I called the surgeon’s office yesterday morning to see if they were willing to let my local doctor do the removal to save a trip back to Greenville. They said they were. However, it seems the local doctor wasn’t comfortable doing it, because it was someone else’s medical case. (Lawsuit worries, I guess.)

So then I asked my surgeon’s nurse if it could be done outside of a medical office setting, like if an RN from our church came to the house to do it.

She said that would be fine.

And then I got to thinking about how the first two drains were removed on Monday and that all it involved was a little snip of a stitch and then a gentle tug, and about a foot of plastic tubing came out of the hole in the side of my body. It didn’t hurt, it didn’t bleed, it was no big deal.

(I started off with two drains on each side, as seen in the picture below.
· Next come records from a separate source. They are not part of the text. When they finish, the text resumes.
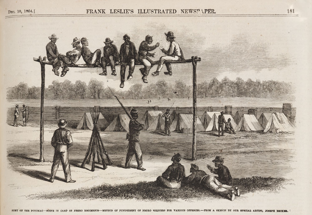 This photograph and illustration depict the same scene—black soldiers undergoing punishment on the "wooden horse." The illustration comes from Frank Leslie's Illustrated Newspaper (Dec. 10, 1884), and the illustrator assures that his "drawing is from life...and brings the truth vividly to the spectator's mind." The author of the corresponding article uses the image to support the claim that the "obtuse sensibilities" of "negro troops" saves them from the inherent shame in punishment, and controlling them required far more force than what was needed to discipline white soldiers. Meanwhile the photograph, which comes from The Huntington's James E. Taylor collection of Civil War images, captures just two soldiers straddling the suspended beam with stoic faces (this in contrast to the newspaper's illustration, which shows many more soldiers, some playing cards while others nap).
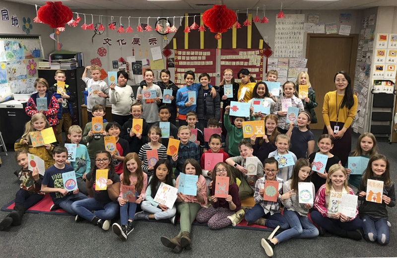 ↑2020年1月21日,美國猶他州卡斯卡德小學師生展示為習主席制作的新年賀卡。
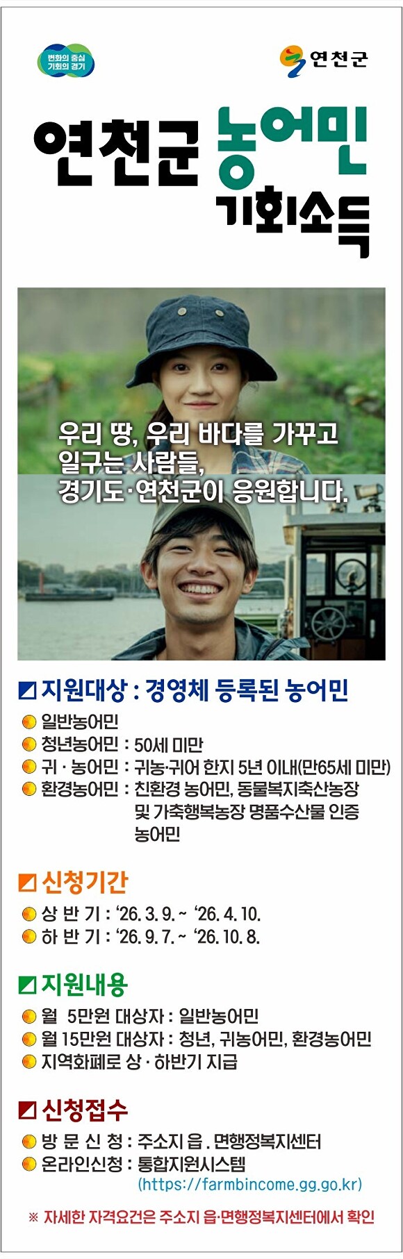 최대 월 15만원 지급…연천군, '농어민 기회소득' 신청 접수

Can you understand why I would want them removed? )

IMG_4012

And here again, is a picture from the Internet as to what the drains look like. Really fun stuff.

drains

So anyway, while I was pondering whether or not I was “medically equipped” to remove the drains myself, I got to thinking about the period after Sarah’s transplant when I was put in sole charge of this array of medical equipment. If the oncologists and nurses at Duke would trust me with all of this, shouldn’t I also be considered competent enough to snip one stitch and one pull one drain?

sarah med

I decided I was.

And so I got it into my desperate, female, feverish brain that I was sick (not to mention tired) of living with drains for two weeks and that as soon as Steve got home from picking up Sarah from school, he and I were going to snip and pull as a couple. (I mean, how do you think a strong marriage is forged without a few snipping/pulling adventures?)

When I told him my plan, he was a bit hesitant but I plainly informed him that if he didn’t help me, I was doing it myself. Because I’d. Had. It. And besides, it wasn’t brain surgery, after all. It was one snip and a pull.

And so we did it. He snipped. I pulled. And I must say that it is a very strange feeling to pull a foot of plastic tubing out of each side of ones’ person. Steve was not real keen on looking at the operation but I was so desperate, it really didn’t bother me.

And then presto! I was transformed from this . . .

IMG_3995

into this!

IMG_4030

Well, maybe not instantly, but it sure did make a world of difference to me, psychologically AND physically.

Some of you commented that you didn’t know I was not allowed to shower while the drains were in. That is true. For TWO weeks, I did not shower. I don’t know if you’ve ever gone for two weeks without showering, but let me just say that I will never again take showering for granted. There is nothing quite like the feel of standing under splashing, clean, clear water and feeling like a human being again.

Ahhhh . . .

So anyway, a big thanks to everyone who has rejoiced with me over my drainless state and also, the fabulous ability to shower that has come back into my life.

In my next update—good and bad Nathan news.

Thursday, May 6, 2010

Drains-No-More

All four drains are gone!

I have showered! (When stepping into a shower makes you cry, you know you're teetering on the emotional edge.) :-)

I have put on fresh clothes!

I have washed and styled my hair!

I have even put on make up!

I don't know when I have ever been so happy.

I'll try to post a picture of the new and improved me soon but just getting the drains out has made me feel like a new woman.

Ahhhh . . . . my whole entire self is smiling.